Le problème, c'est que le business model des assureurs n'a pas été conçu pour prendre en compte des taux aussi bas voire négatifs. Les fonds euros qui composent principalement les enveloppes d'assurance-vie (soit ceux qui délivrent un capital garanti et liquide) se révèlent de plus en plus chers à administrer pour les assureurs. Car l'argent est alors placé sur des obligations souveraines, alors que les Etats sont de plus en plus nombreux à emprunter à taux négatifs. D'un côté, le rendement des placements des assureurs diminue. De l'autre, ils doivent toujours garantir le capital investi et se sont engagés sur une certaine rentabilité auprès de leurs clients.

C'est pourquoi certains acteurs à l'instar d'Allianz France, de Generali France ou encore d'Aviva ont, par exemple, décidé de demander une structuration des contrats proposés contenant un minimum de 30% d'unités de compte (Sicav, FCP, SCPI...) pour les nouveaux investissements de plus de 100.000 euros.

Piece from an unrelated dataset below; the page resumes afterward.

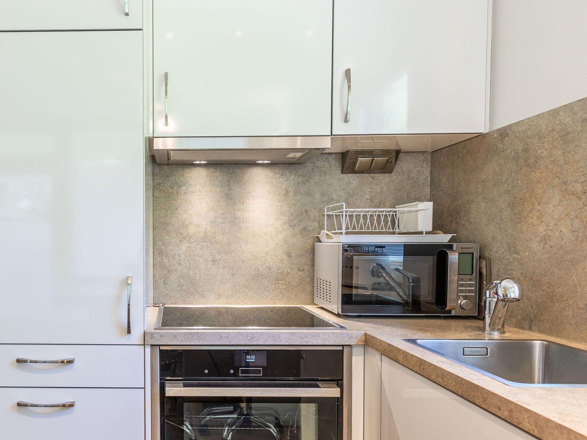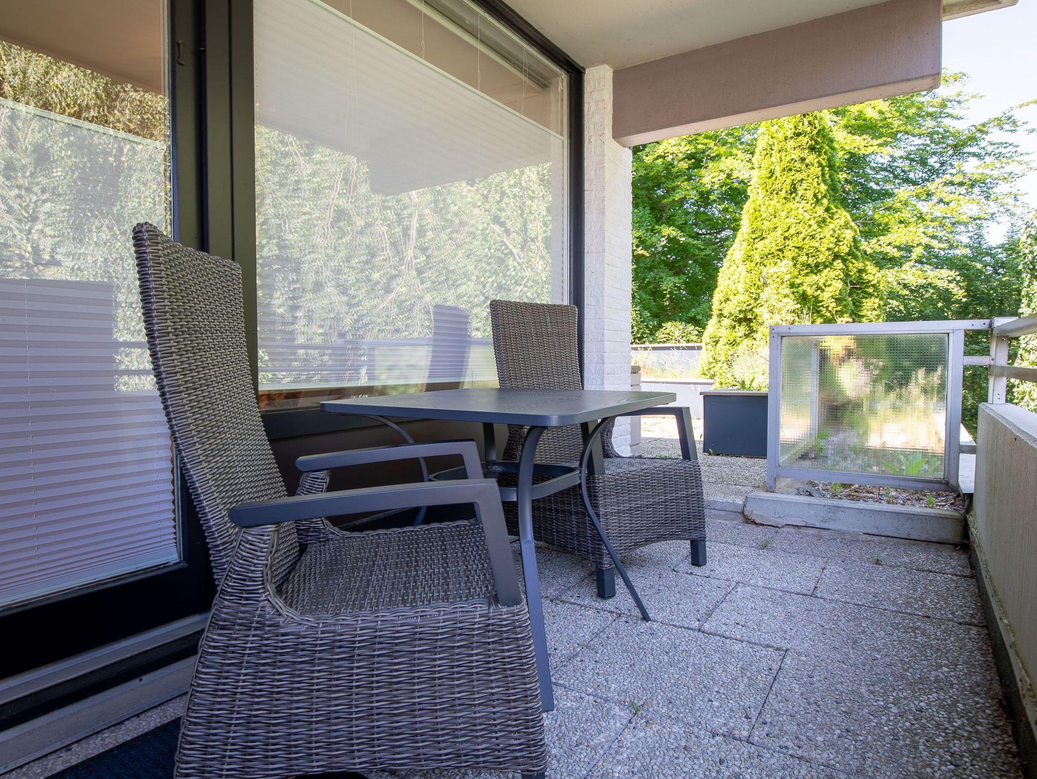 Terrasse, Markise, Küche, Mikrowelle, Duschbad, separates WC, Fön, (Waschmaschine und Trockner im Haus), TV, kostenl. W-Lan, Aufzug, inkl. Tiefgaragenstellplatz (Einfahrtshöhe: 1,90 m).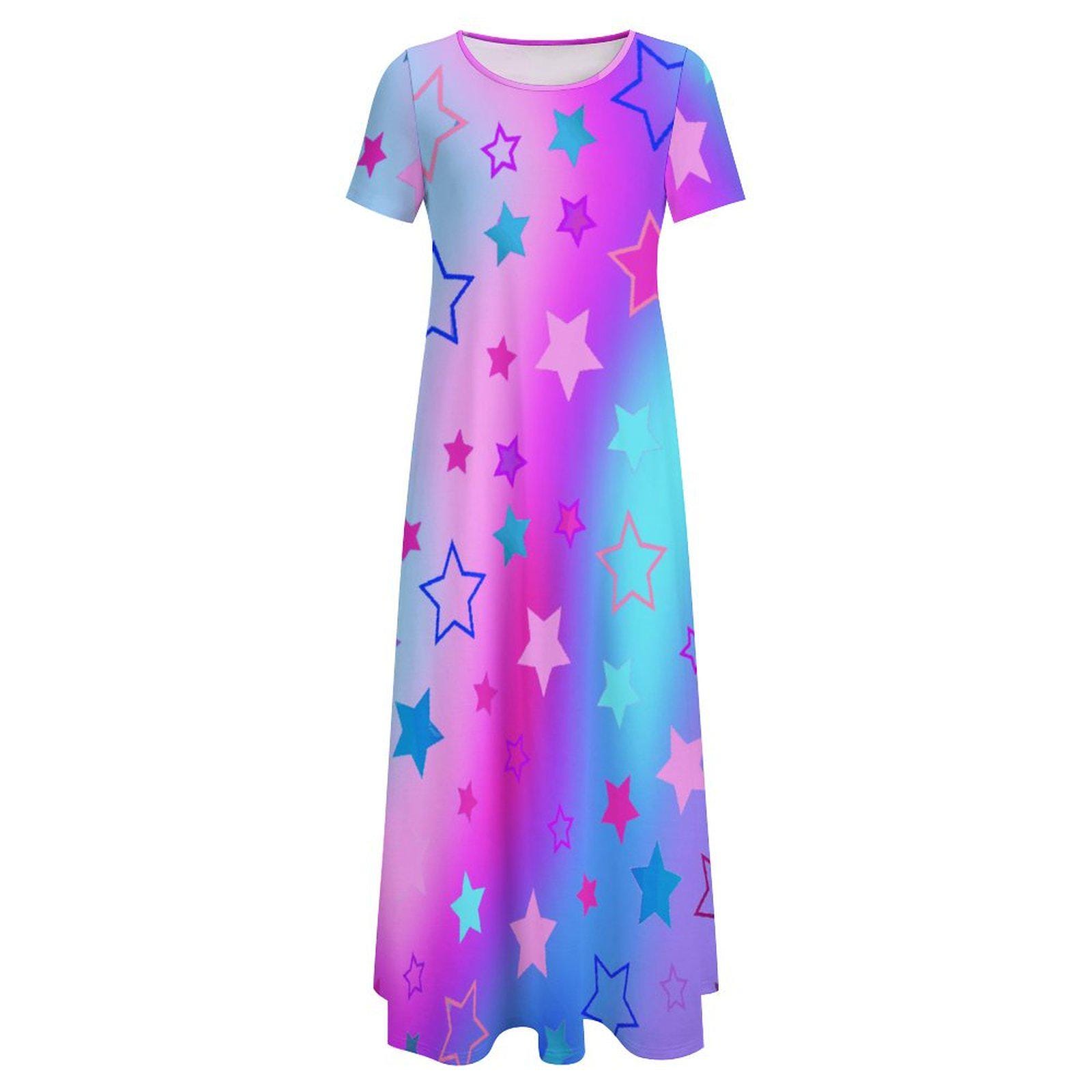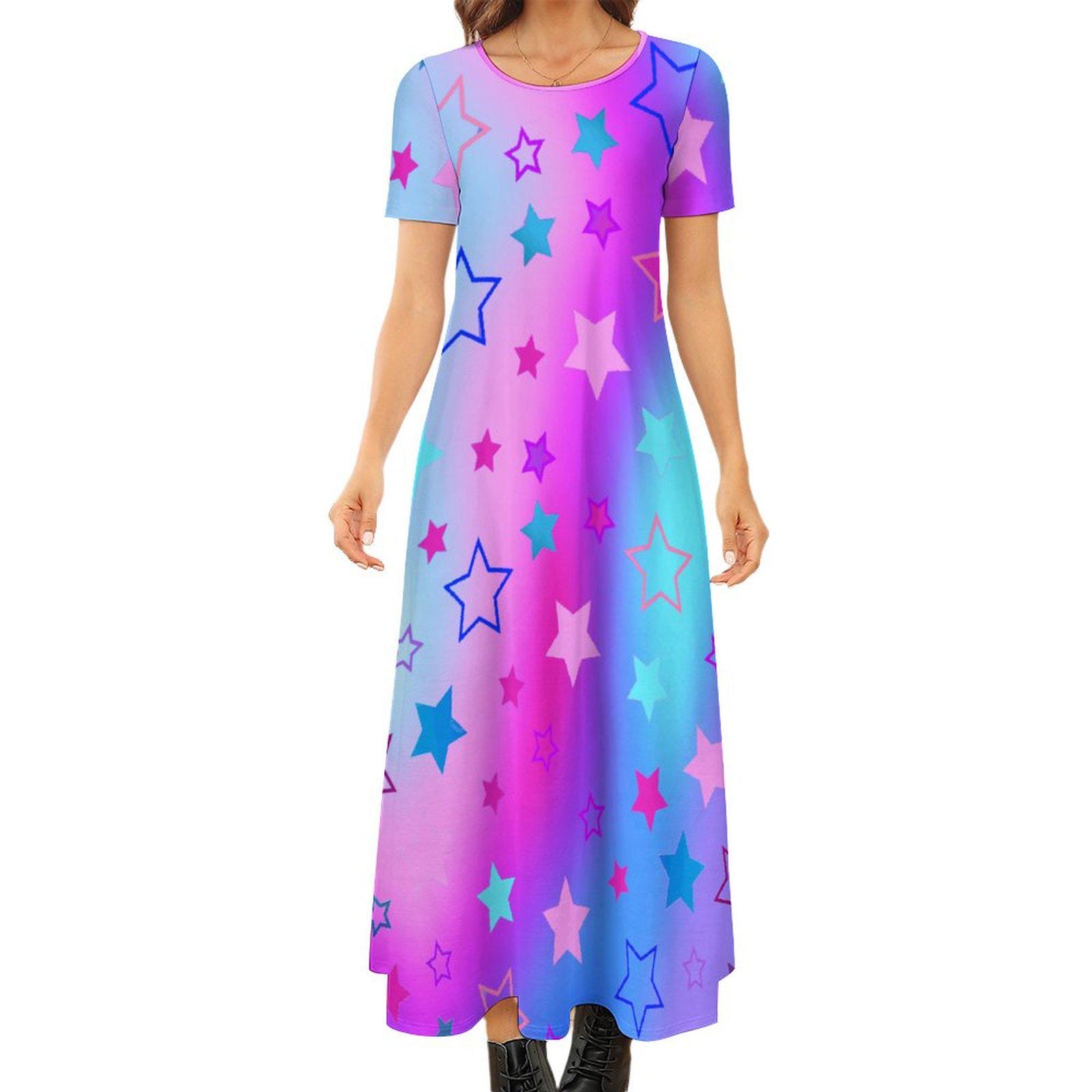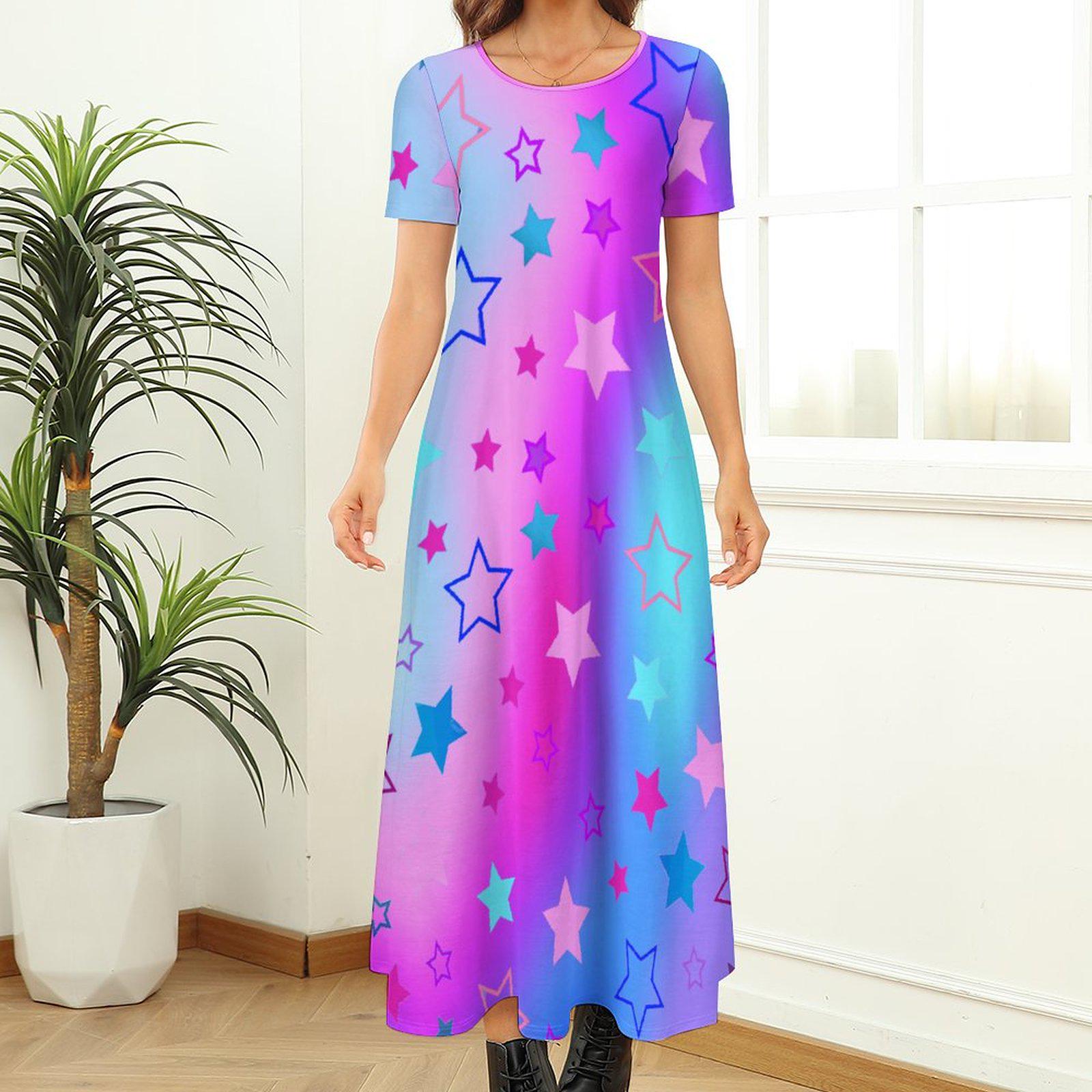 Product Performance: The Round Neck Short Sleeve Dress covers your waist and hip for comfortable wearing, suitable for girls of different figures. Neither pilling and nor fading, the imitation cotton fabric is comfortable-to-wear and shrink-resistant for long-term wearing. The Round Neck Short Sleeve Dress is nice to match with a hat, a pair of sandals and necklace etc. With personalized patterns, the Round Neck Short Sleeve Dress makes you stylish, charming and confident. Excellent for your leisure time, this classic-style Round Neck Short Sleeve Dress is never out of date and can stand the test of time.

Des sommes investies qui permettent alors d'afficher un meilleur rendement mais dont le capital n'est plus alors garanti. Chez AG2R La Mondiale, André Renaudin indiquait récemment dans les colonnes du JDD imposer "entre 35% et 70% d'unités de compte aux épargnants souhaitant verser des montants significatifs sur leurs contrats".

Des épargnants toujours réfractaires au risque

Au regard de cette conjoncture et des récentes décisions prises par les assureurs, les épargnants redoutent de plus en plus que leurs économies ne se révèlent plus si bien conservées qu'auparavant. Mais la présidente de la Fédération française de l’assurance (FFA), Florence Lustman, invitée dans l'émission "12H L'Heure H" sur BFM Business mercredi, s'est voulue rassurante.

"D'abord, je voudrais affirmer de la façon la plus claire que les assureurs français – y compris en cette période de taux négatifs – sont éminemment solvables. C’est-à-dire qu'ils sont totalement en mesure d'honorer tous les engagements qu'ils ont contractés vis-à-vis des assurés que ce soit en assurance-vie ou en assurance dommage", explique-t-elle. Mais si les taux demeuraient négatifs, concède-t-elle, il est clair que les assureurs feraient en sorte de "s'adapter" et de "proposer d'autres types de contrats". Un chemin qu'Allianz France, Generali France et Aviva ont donc visiblement déjà choisi d'emprunter et une mue qui, si les taux restaient négatifs durant une longue période, pourrait sensiblement chambouler la façon d'épargner des Français et les pousser à prendre plus de risques. Ce qui, pour l'instant, n'est envisagé que par un petit quart des épargnants, selon un récent sondage.